Her previous research has focused on political rhetoric in India. She is the author of Speaking the Nation: The Oratorical Making of Secular, Neo-liberal India (2018). She is also the editor (with Dr Heike Liebau) of the Archival Reflexicon, an open-access bilingual archival guide, which is a platform for theoretical and conceptual reflections on archival architectures/organizing logics as well as thematic contributions on India-related holdings of specific German archives. See online: https://www.projekt-mida.de/rechercheportal/reflexicon/
Her current project focuses on cultural entanglements between India and the German Democratic Republic (GDR). In this direction, she is pursuing research on overlapping trajectories of the East German International Radio broadcaster, Radio Berlin International, and the Bonn-based radio station from the Federal Republic of Germany, Deutsche Welle. She has conducted extensive fieldwork in India and Germany, especially with journalists from the two radio stations and their respective listeners’ clubs in India.

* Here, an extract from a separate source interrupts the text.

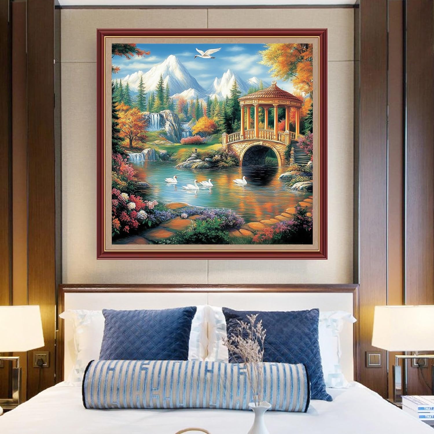 DMCXART Counted Cross Stitch Kits for Adults Needlepoint Kits Unprinted Cross Stitching Embroidery Kit 11CT Cross Stitch Supplies-Swan Lake Scenery 18x18 inch

She is the director of a documentary film on Radio Berlin International (its journalists based in present-day Germany and its listeners in Madhepura, Bihar, India) titled The Sound of Friendship: Warm Wavelengths in a Cold, Cold War? The trailer can be accessed here: https://www.youtube.com/watch?v=T4qLiM_jflw
Bajpai’s Habilitationsprojekt (German professorial exam) on the Cold War looks at entanglements between India and the GDR by tracing the histories of friendship societies, theatrical circuits, comic books, miniature books, souvenirs and statues as material sites of engagement. Broadly, Bajpai’s interests include the Cold War, sonic/acoustic histories and radio as a medium, international film and youth festivals as sites of Afro-Asian entanglements, modern Indian history (particularly, Partition and the Nehruvian era) and political oratory of Indian prime ministers. Besides her own research, she continues to supervise BA and MA theses at the Humboldt-Universität zu Berlin.